### Problem requirements
Find the line with "Część Rumunów traktowała" in the records below. Output exactly from there until after the line with "後期の学習が始まりました。2", without pictures.

### Data shown
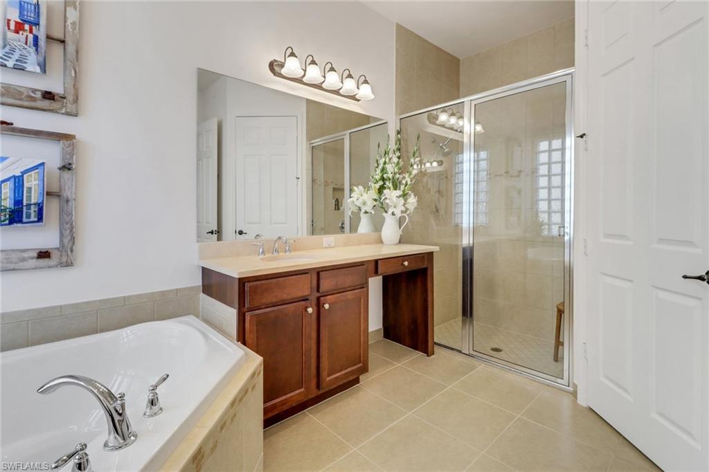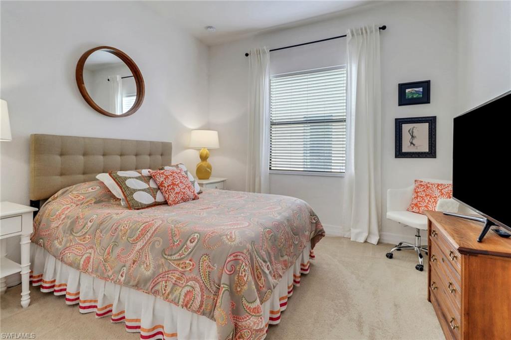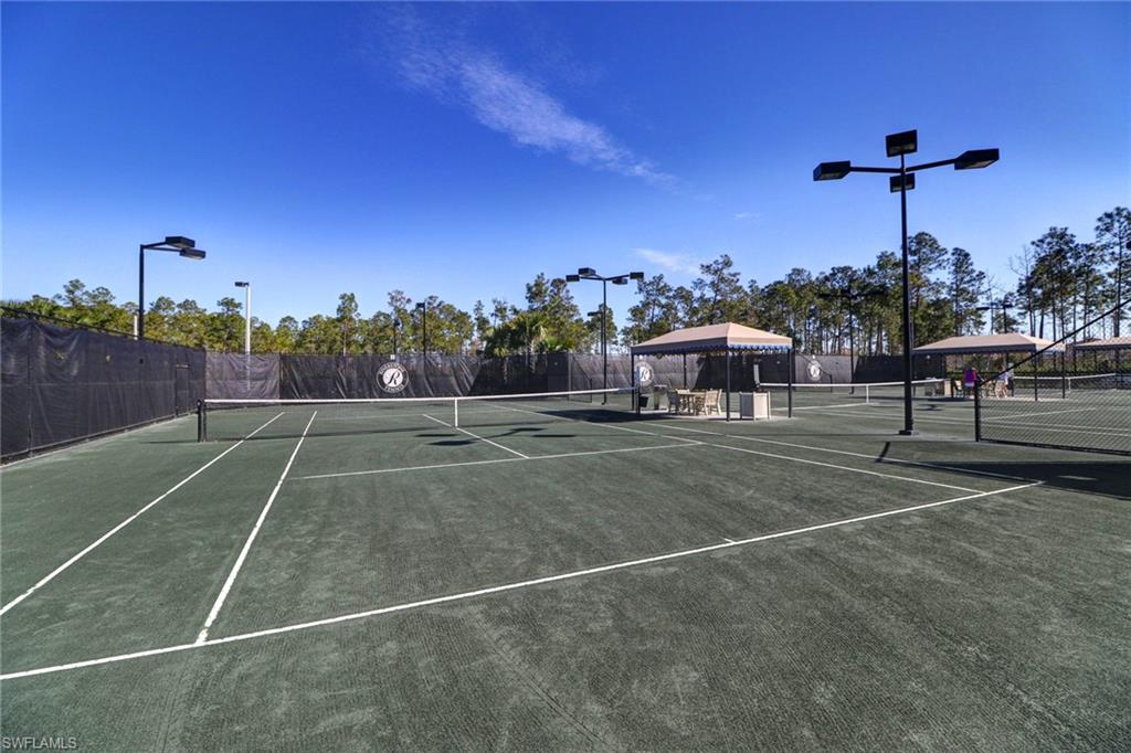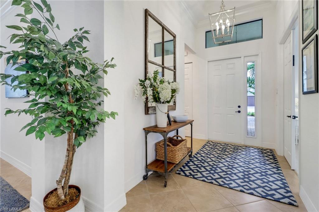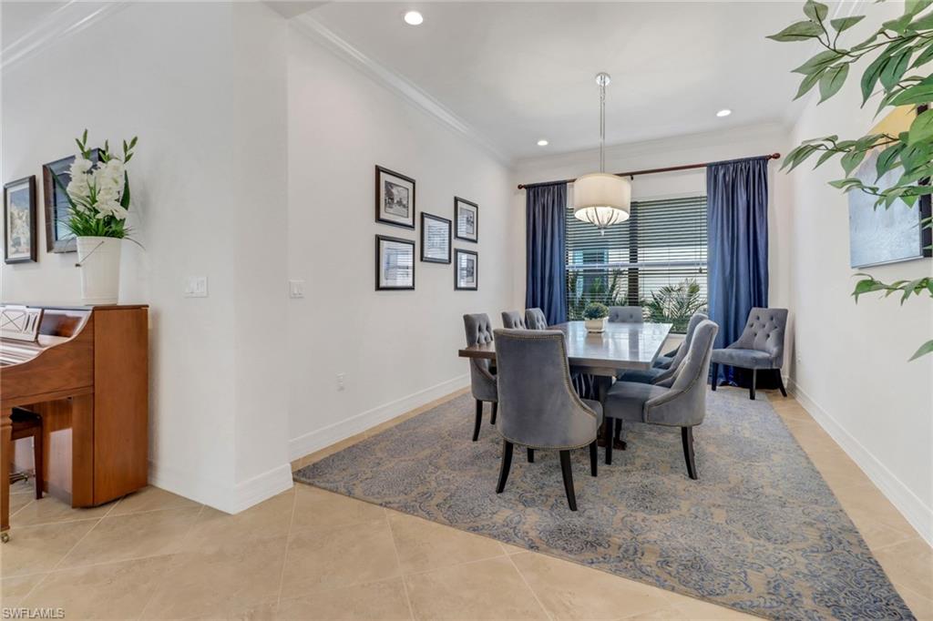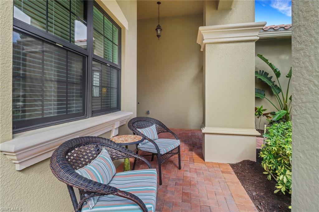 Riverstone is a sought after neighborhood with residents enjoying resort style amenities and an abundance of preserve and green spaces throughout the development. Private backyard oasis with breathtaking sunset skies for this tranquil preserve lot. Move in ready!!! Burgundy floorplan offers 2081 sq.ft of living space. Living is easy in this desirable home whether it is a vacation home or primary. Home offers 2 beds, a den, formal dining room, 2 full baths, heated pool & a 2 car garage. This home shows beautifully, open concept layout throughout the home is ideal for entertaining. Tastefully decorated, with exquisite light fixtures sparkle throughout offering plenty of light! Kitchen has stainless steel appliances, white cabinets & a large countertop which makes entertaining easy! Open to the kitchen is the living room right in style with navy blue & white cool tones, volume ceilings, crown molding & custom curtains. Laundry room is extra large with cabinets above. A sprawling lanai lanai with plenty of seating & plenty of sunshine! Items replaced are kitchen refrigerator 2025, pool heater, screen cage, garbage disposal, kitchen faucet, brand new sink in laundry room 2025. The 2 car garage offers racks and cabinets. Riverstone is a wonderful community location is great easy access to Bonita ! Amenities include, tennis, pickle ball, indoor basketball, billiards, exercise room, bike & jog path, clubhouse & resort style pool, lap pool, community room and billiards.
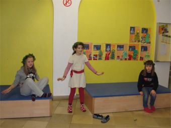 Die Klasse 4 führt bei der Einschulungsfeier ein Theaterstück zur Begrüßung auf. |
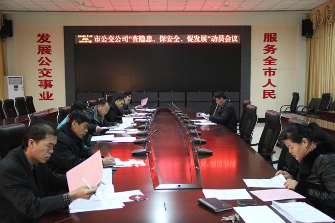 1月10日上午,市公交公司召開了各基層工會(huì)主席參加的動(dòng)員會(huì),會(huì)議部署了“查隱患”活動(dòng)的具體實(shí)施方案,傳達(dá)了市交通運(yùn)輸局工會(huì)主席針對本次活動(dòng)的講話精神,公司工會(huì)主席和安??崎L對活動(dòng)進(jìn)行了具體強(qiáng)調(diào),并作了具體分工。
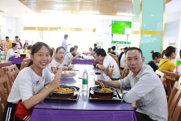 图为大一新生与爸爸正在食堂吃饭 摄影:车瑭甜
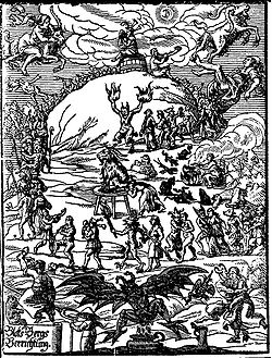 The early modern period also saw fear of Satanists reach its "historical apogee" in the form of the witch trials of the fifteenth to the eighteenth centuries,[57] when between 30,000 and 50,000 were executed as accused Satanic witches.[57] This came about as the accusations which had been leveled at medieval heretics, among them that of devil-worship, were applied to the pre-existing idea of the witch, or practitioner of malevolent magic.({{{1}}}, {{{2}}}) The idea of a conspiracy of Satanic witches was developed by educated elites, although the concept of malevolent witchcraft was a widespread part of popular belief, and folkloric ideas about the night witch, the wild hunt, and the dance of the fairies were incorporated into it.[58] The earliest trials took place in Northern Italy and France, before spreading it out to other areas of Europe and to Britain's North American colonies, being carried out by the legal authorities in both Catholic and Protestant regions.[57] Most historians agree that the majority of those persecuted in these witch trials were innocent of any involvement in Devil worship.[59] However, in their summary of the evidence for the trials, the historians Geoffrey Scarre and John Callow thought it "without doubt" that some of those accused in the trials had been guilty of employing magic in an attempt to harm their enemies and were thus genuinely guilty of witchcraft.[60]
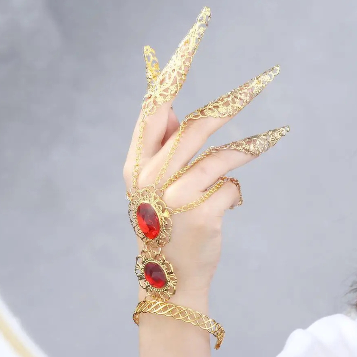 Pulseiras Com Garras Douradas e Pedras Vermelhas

...

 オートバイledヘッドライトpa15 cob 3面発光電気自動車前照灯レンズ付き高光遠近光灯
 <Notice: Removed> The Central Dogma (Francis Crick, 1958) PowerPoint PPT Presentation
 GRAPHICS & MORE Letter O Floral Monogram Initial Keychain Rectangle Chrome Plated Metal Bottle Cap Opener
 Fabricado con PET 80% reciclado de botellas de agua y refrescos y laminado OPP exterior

---

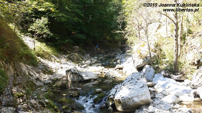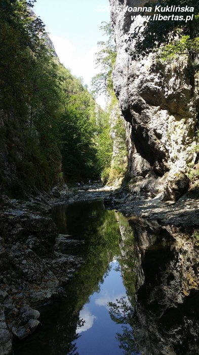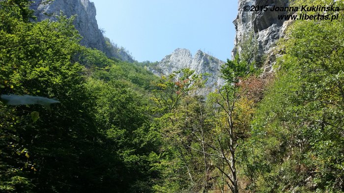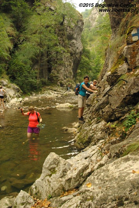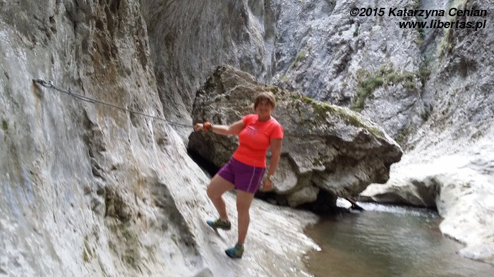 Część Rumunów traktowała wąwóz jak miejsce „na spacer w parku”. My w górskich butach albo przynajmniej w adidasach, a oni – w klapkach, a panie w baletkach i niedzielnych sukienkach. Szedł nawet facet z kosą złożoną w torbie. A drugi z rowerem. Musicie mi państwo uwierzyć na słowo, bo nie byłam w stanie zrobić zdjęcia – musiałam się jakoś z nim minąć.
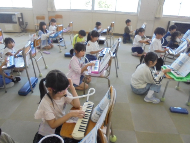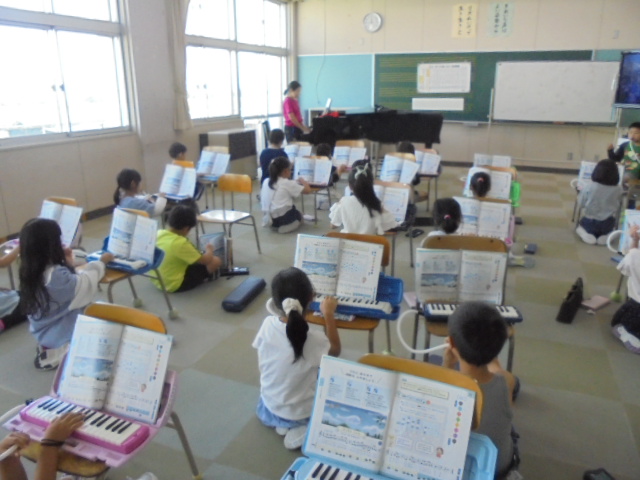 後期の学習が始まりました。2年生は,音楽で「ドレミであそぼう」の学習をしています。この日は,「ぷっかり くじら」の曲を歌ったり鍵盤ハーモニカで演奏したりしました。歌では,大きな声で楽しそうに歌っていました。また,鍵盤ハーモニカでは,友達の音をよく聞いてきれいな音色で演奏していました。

### Written solution
 Część Rumunów traktowała wąwóz jak miejsce „na spacer w parku”. My w górskich butach albo przynajmniej w adidasach, a oni – w klapkach, a panie w baletkach i niedzielnych sukienkach. Szedł nawet facet z kosą złożoną w torbie. A drugi z rowerem. Musicie mi państwo uwierzyć na słowo, bo nie byłam w stanie zrobić zdjęcia – musiałam się jakoś z nim minąć.
 後期の学習が始まりました。2年生は,音楽で「ドレミであそぼう」の学習をしています。この日は,「ぷっかり くじら」の曲を歌ったり鍵盤ハーモニカで演奏したりしました。歌では,大きな声で楽しそうに歌っていました。また,鍵盤ハーモニカでは,友達の音をよく聞いてきれいな音色で演奏していました。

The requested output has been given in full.